TASK DIRECTIONS:
Only the lines of the listing below that run from the line with "Sergilediği salaş kesim" through the line with "Hatice Akyün, die" are to be set down, word for word. Pictures stay out.
--- SUPPLIED RECORDS ---
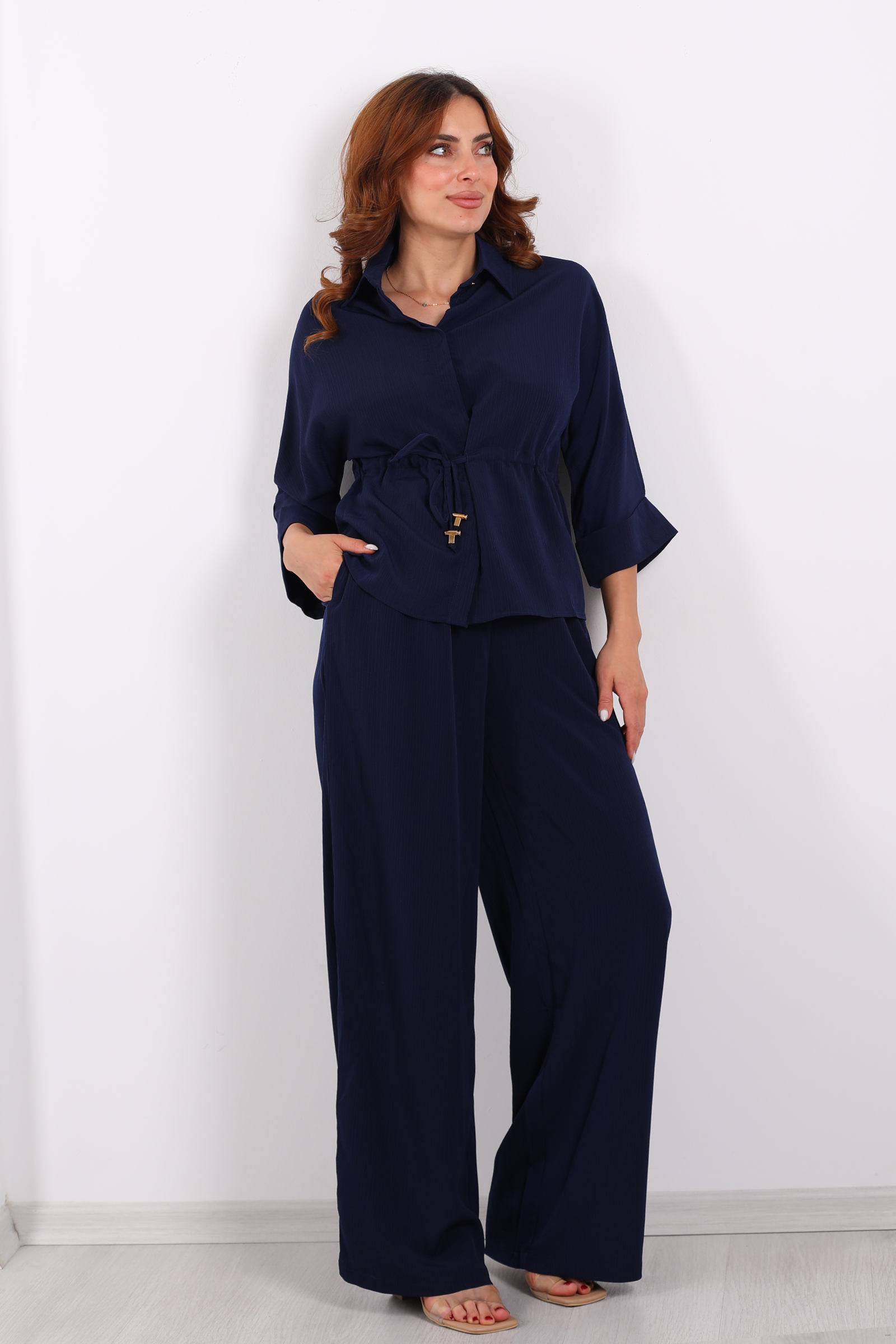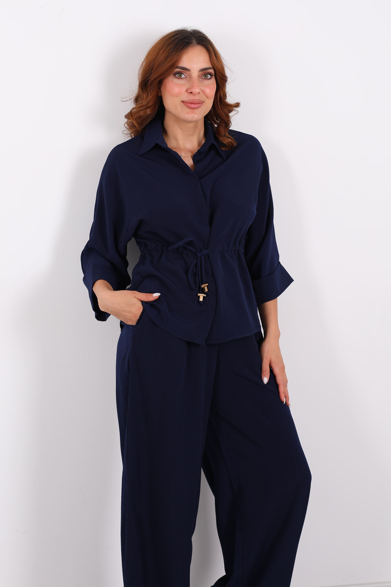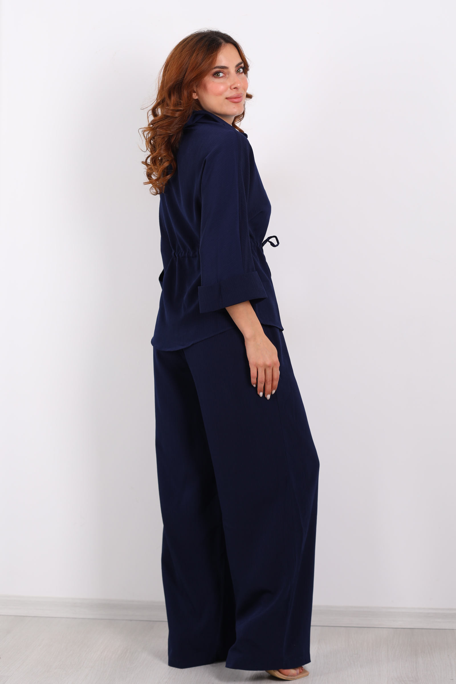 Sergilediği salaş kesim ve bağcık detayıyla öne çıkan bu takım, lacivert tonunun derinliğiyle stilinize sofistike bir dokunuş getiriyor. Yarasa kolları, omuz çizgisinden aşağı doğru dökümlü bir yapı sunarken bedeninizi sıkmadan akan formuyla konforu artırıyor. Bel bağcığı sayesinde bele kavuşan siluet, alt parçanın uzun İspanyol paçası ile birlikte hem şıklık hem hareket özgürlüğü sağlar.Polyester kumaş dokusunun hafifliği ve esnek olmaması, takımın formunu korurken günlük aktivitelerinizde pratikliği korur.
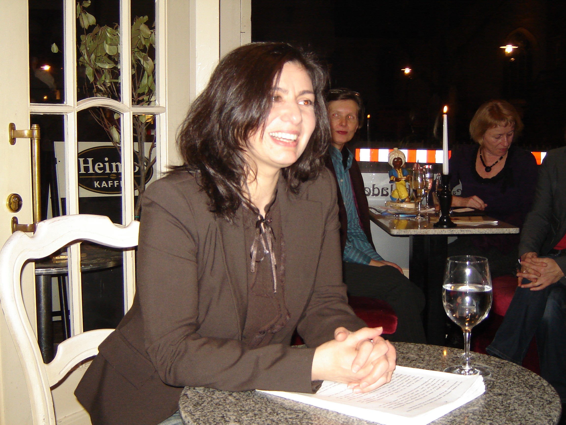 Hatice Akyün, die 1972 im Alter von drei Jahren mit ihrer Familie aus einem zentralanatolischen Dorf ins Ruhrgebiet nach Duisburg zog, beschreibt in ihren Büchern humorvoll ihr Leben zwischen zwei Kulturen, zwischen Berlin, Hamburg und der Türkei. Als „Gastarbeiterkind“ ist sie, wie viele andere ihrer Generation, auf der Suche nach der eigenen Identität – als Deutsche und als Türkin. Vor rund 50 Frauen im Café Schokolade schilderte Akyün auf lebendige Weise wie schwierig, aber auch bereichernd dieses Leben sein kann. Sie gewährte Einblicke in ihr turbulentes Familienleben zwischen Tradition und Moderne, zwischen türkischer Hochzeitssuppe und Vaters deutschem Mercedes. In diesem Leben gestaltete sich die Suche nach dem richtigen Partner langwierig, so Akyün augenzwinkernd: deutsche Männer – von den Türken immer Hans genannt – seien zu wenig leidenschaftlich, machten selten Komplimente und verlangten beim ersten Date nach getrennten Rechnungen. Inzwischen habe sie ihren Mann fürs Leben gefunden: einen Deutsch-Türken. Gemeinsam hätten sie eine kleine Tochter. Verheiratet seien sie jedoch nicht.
---
--- SUPPLIED RECORDS ---
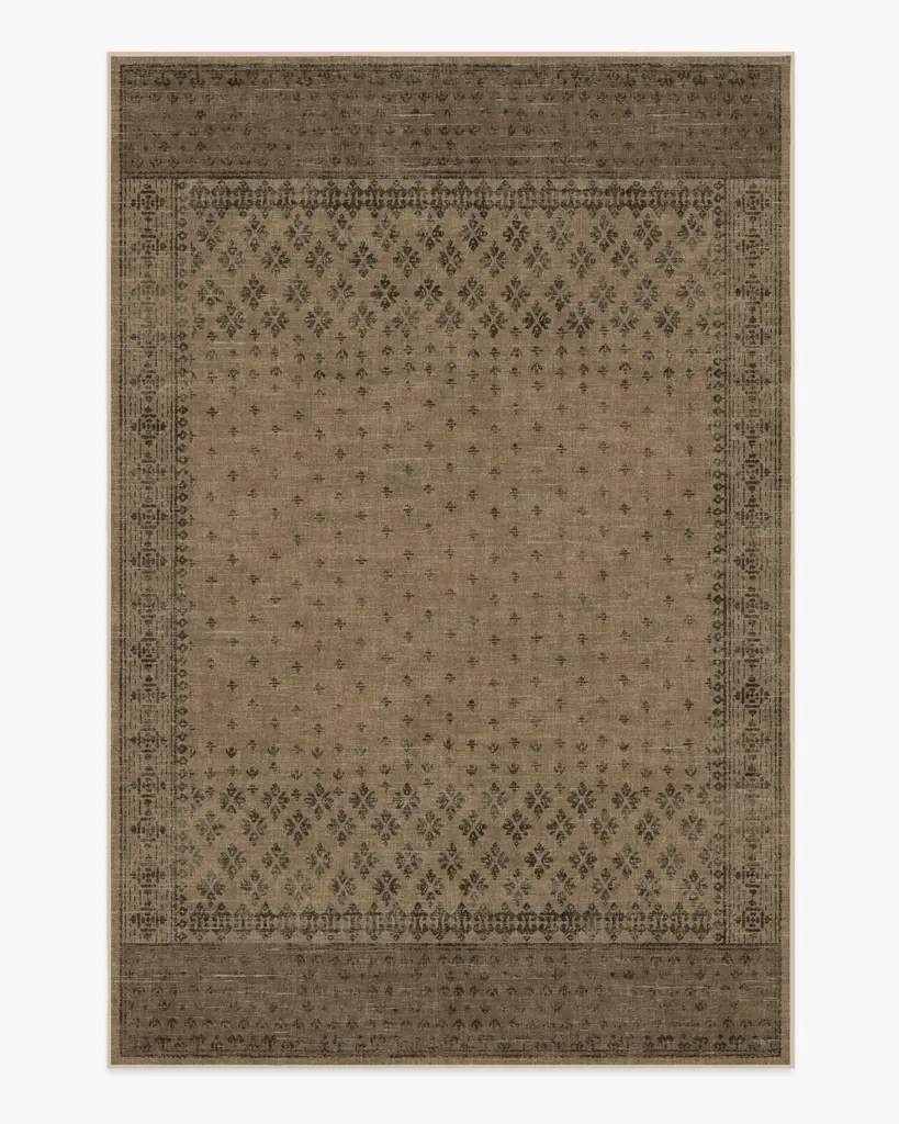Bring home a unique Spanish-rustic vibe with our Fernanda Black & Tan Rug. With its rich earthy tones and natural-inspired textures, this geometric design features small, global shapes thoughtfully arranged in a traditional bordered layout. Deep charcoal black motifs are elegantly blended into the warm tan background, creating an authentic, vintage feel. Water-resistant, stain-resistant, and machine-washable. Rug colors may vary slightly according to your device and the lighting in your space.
---
EXPECTED ANSWER:
 Sergilediği salaş kesim ve bağcık detayıyla öne çıkan bu takım, lacivert tonunun derinliğiyle stilinize sofistike bir dokunuş getiriyor. Yarasa kolları, omuz çizgisinden aşağı doğru dökümlü bir yapı sunarken bedeninizi sıkmadan akan formuyla konforu artırıyor. Bel bağcığı sayesinde bele kavuşan siluet, alt parçanın uzun İspanyol paçası ile birlikte hem şıklık hem hareket özgürlüğü sağlar.Polyester kumaş dokusunun hafifliği ve esnek olmaması, takımın formunu korurken günlük aktivitelerinizde pratikliği korur.
 Hatice Akyün, die 1972 im Alter von drei Jahren mit ihrer Familie aus einem zentralanatolischen Dorf ins Ruhrgebiet nach Duisburg zog, beschreibt in ihren Büchern humorvoll ihr Leben zwischen zwei Kulturen, zwischen Berlin, Hamburg und der Türkei. Als „Gastarbeiterkind“ ist sie, wie viele andere ihrer Generation, auf der Suche nach der eigenen Identität – als Deutsche und als Türkin. Vor rund 50 Frauen im Café Schokolade schilderte Akyün auf lebendige Weise wie schwierig, aber auch bereichernd dieses Leben sein kann. Sie gewährte Einblicke in ihr turbulentes Familienleben zwischen Tradition und Moderne, zwischen türkischer Hochzeitssuppe und Vaters deutschem Mercedes. In diesem Leben gestaltete sich die Suche nach dem richtigen Partner langwierig, so Akyün augenzwinkernd: deutsche Männer – von den Türken immer Hans genannt – seien zu wenig leidenschaftlich, machten selten Komplimente und verlangten beim ersten Date nach getrennten Rechnungen. Inzwischen habe sie ihren Mann fürs Leben gefunden: einen Deutsch-Türken. Gemeinsam hätten sie eine kleine Tochter. Verheiratet seien sie jedoch nicht.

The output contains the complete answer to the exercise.